▶ _EXERCISE OBJECTIVE_:
Please reproduce the entries below exactly, leaving the pictures out.

--- ENTRIES SHOWN ---

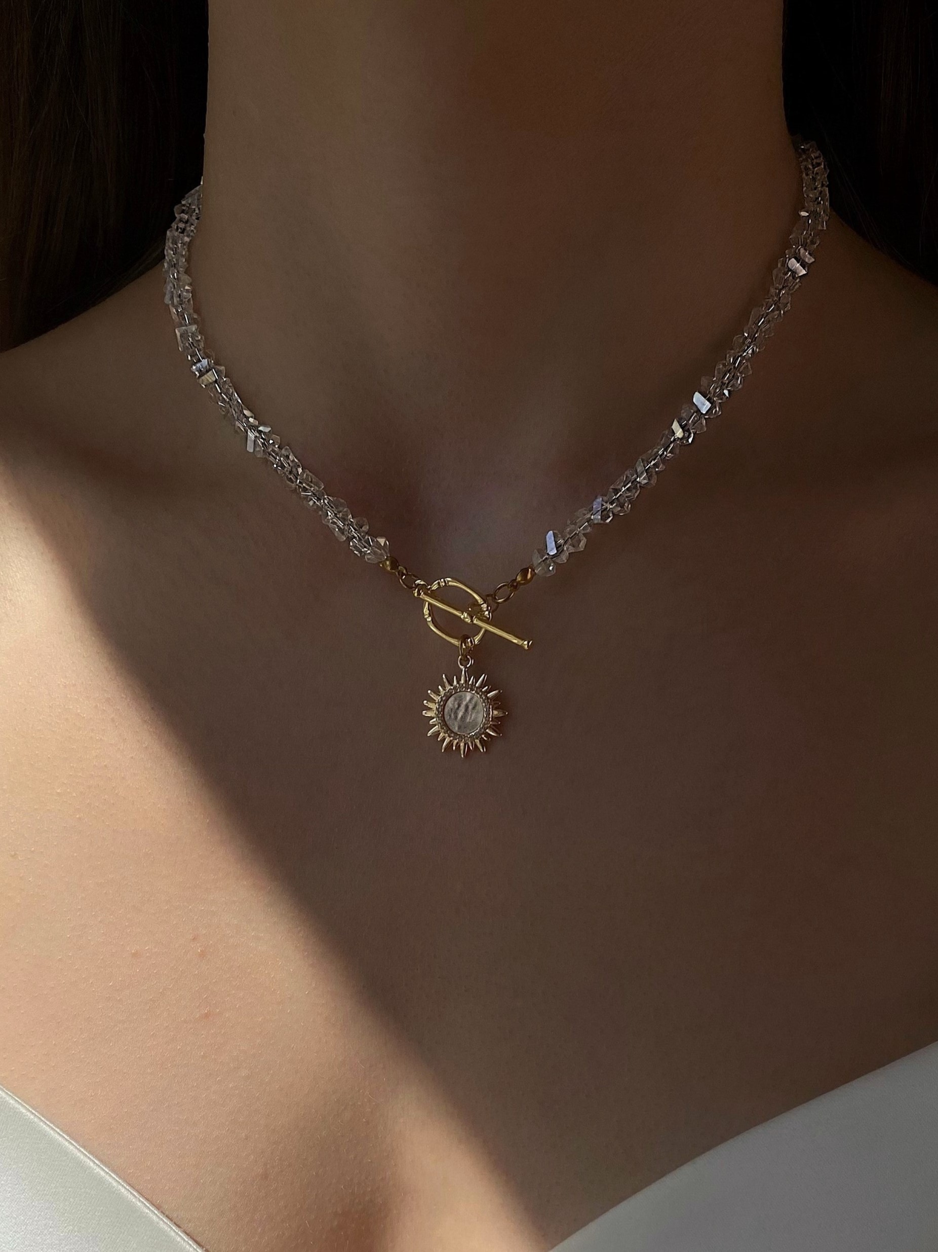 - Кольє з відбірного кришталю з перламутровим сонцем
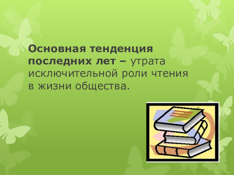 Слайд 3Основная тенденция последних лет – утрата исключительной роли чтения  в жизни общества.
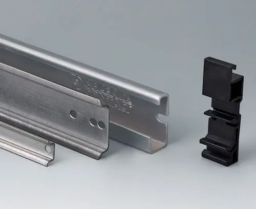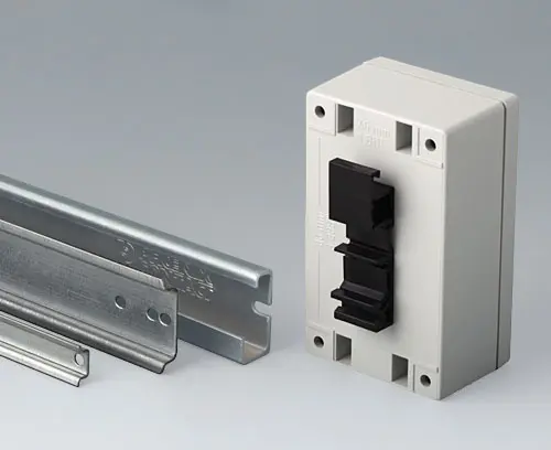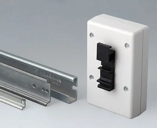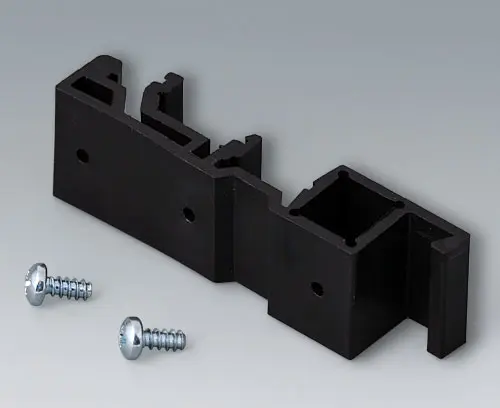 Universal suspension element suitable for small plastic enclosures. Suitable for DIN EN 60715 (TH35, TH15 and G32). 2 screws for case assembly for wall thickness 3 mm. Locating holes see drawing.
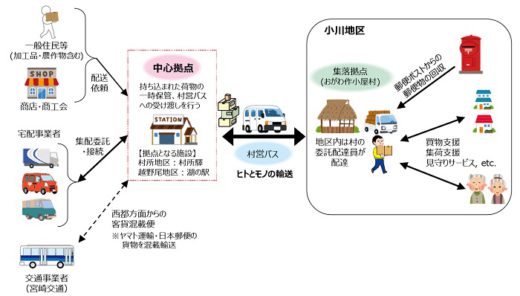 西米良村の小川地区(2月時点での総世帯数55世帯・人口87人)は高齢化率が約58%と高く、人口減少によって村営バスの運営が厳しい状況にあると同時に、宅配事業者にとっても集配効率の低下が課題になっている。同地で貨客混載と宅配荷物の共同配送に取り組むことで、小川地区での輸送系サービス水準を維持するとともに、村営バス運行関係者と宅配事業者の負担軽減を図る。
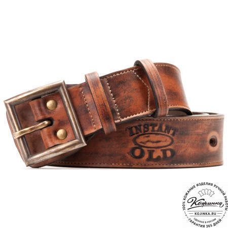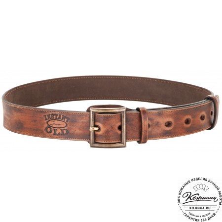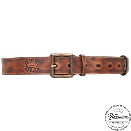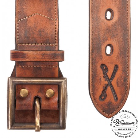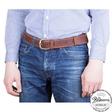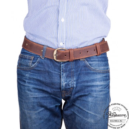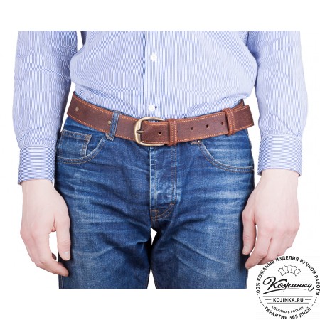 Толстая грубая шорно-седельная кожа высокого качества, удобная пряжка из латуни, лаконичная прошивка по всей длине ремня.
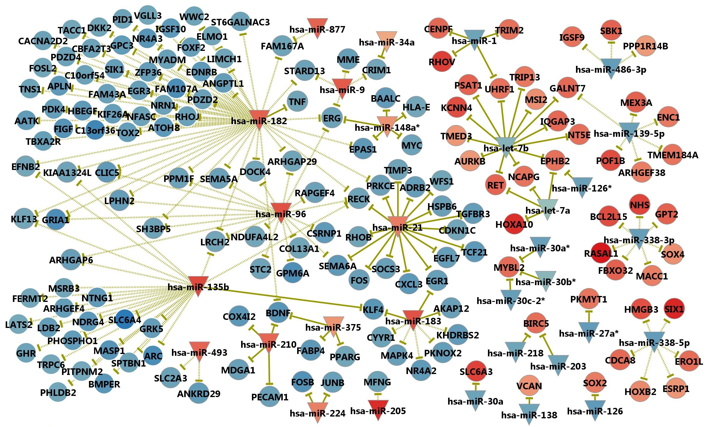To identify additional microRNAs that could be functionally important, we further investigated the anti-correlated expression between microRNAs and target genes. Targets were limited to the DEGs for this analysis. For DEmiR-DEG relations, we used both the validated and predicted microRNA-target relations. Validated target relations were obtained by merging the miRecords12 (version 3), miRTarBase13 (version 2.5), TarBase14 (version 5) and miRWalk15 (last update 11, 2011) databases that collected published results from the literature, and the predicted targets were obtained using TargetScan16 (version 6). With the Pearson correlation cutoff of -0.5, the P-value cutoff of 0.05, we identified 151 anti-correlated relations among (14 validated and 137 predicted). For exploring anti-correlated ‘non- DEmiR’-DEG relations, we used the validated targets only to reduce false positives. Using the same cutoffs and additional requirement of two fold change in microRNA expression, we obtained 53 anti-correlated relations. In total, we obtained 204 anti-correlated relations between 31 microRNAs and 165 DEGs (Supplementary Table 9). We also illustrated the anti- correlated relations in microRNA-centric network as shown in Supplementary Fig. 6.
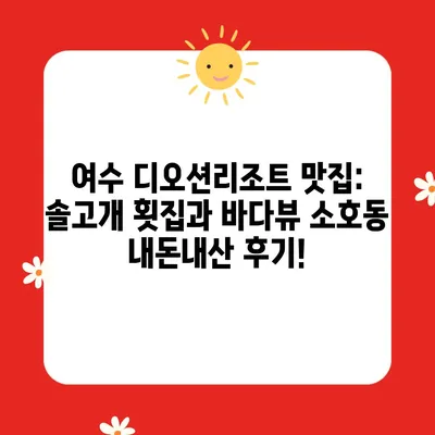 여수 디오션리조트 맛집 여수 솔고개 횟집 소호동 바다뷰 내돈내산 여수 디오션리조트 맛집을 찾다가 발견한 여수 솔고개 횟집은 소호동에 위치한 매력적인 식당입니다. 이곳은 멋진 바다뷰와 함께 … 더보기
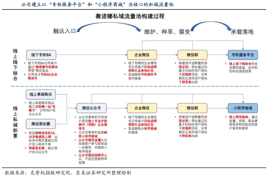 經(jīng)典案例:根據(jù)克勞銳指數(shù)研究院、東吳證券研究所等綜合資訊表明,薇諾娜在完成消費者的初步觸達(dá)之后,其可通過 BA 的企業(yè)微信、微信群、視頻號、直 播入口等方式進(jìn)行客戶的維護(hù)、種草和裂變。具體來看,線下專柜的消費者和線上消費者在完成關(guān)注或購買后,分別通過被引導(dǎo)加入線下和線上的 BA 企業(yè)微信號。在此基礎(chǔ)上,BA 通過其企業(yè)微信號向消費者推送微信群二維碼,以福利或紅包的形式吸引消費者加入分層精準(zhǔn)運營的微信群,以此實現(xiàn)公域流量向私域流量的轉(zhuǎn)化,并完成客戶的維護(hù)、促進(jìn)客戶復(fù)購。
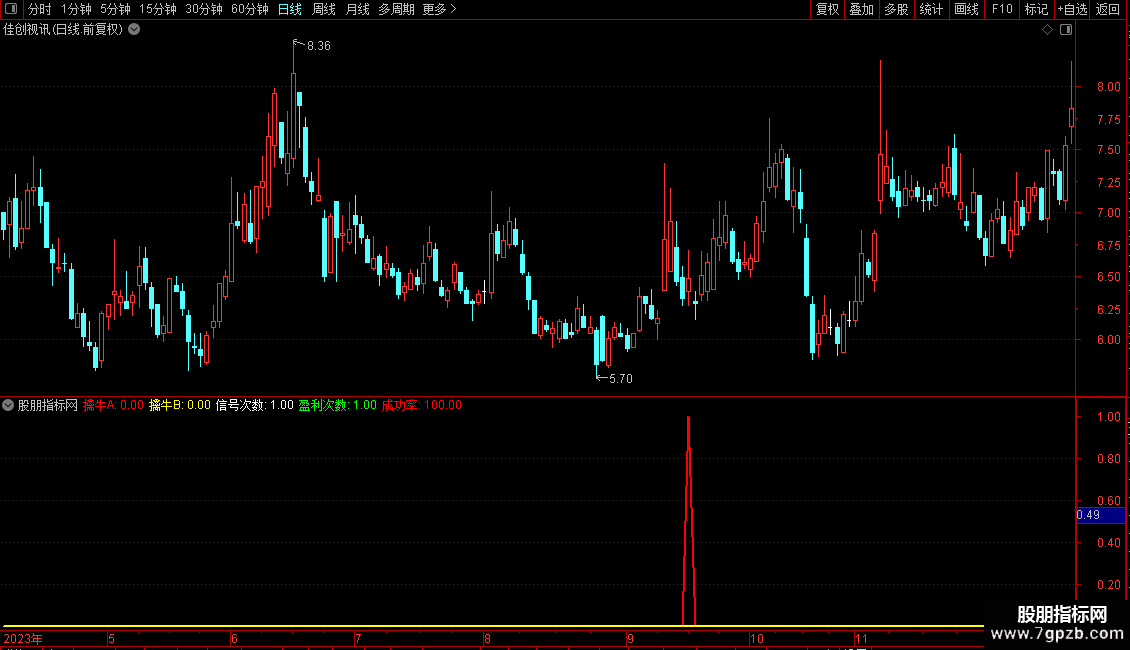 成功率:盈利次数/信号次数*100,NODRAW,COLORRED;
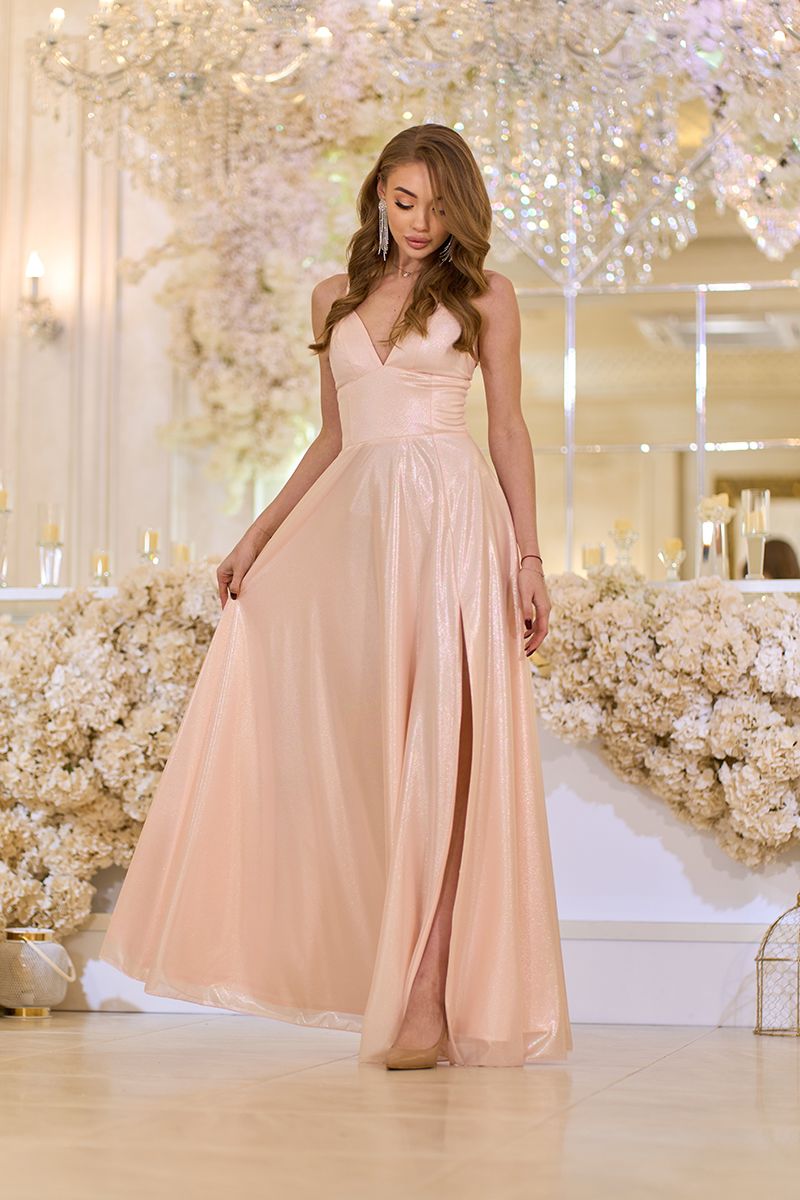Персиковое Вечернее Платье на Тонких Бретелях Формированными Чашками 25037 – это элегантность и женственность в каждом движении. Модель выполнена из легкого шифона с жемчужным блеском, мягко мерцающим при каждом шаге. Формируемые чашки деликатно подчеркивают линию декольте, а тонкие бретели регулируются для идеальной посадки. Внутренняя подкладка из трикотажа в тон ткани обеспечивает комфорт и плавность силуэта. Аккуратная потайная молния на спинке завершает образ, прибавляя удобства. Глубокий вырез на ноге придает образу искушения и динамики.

---

▶ _RESULT BELOW_:
 - Кольє з відбірного кришталю з перламутровим сонцем
 Слайд 3Основная тенденция последних лет – утрата исключительной роли чтения  в жизни общества.
 Universal suspension element suitable for small plastic enclosures. Suitable for DIN EN 60715 (TH35, TH15 and G32). 2 screws for case assembly for wall thickness 3 mm. Locating holes see drawing.
 西米良村の小川地区(2月時点での総世帯数55世帯・人口87人)は高齢化率が約58%と高く、人口減少によって村営バスの運営が厳しい状況にあると同時に、宅配事業者にとっても集配効率の低下が課題になっている。同地で貨客混載と宅配荷物の共同配送に取り組むことで、小川地区での輸送系サービス水準を維持するとともに、村営バス運行関係者と宅配事業者の負担軽減を図る。
 Толстая грубая шорно-седельная кожа высокого качества, удобная пряжка из латуни, лаконичная прошивка по всей длине ремня.
To identify additional microRNAs that could be functionally important, we further investigated the anti-correlated expression between microRNAs and target genes. Targets were limited to the DEGs for this analysis. For DEmiR-DEG relations, we used both the validated and predicted microRNA-target relations. Validated target relations were obtained by merging the miRecords12 (version 3), miRTarBase13 (version 2.5), TarBase14 (version 5) and miRWalk15 (last update 11, 2011) databases that collected published results from the literature, and the predicted targets were obtained using TargetScan16 (version 6). With the Pearson correlation cutoff of -0.5, the P-value cutoff of 0.05, we identified 151 anti-correlated relations among (14 validated and 137 predicted). For exploring anti-correlated ‘non- DEmiR’-DEG relations, we used the validated targets only to reduce false positives. Using the same cutoffs and additional requirement of two fold change in microRNA expression, we obtained 53 anti-correlated relations. In total, we obtained 204 anti-correlated relations between 31 microRNAs and 165 DEGs (Supplementary Table 9). We also illustrated the anti- correlated relations in microRNA-centric network as shown in Supplementary Fig. 6.
 여수 디오션리조트 맛집 여수 솔고개 횟집 소호동 바다뷰 내돈내산 여수 디오션리조트 맛집을 찾다가 발견한 여수 솔고개 횟집은 소호동에 위치한 매력적인 식당입니다. 이곳은 멋진 바다뷰와 함께 … 더보기
 經(jīng)典案例:根據(jù)克勞銳指數(shù)研究院、東吳證券研究所等綜合資訊表明,薇諾娜在完成消費者的初步觸達(dá)之后,其可通過 BA 的企業(yè)微信、微信群、視頻號、直 播入口等方式進(jìn)行客戶的維護(hù)、種草和裂變。具體來看,線下專柜的消費者和線上消費者在完成關(guān)注或購買后,分別通過被引導(dǎo)加入線下和線上的 BA 企業(yè)微信號。在此基礎(chǔ)上,BA 通過其企業(yè)微信號向消費者推送微信群二維碼,以福利或紅包的形式吸引消費者加入分層精準(zhǔn)運營的微信群,以此實現(xiàn)公域流量向私域流量的轉(zhuǎn)化,并完成客戶的維護(hù)、促進(jìn)客戶復(fù)購。
 成功率:盈利次数/信号次数*100,NODRAW,COLORRED;
Персиковое Вечернее Платье на Тонких Бретелях Формированными Чашками 25037 – это элегантность и женственность в каждом движении. Модель выполнена из легкого шифона с жемчужным блеском, мягко мерцающим при каждом шаге. Формируемые чашки деликатно подчеркивают линию декольте, а тонкие бретели регулируются для идеальной посадки. Внутренняя подкладка из трикотажа в тон ткани обеспечивает комфорт и плавность силуэта. Аккуратная потайная молния на спинке завершает образ, прибавляя удобства. Глубокий вырез на ноге придает образу искушения и динамики.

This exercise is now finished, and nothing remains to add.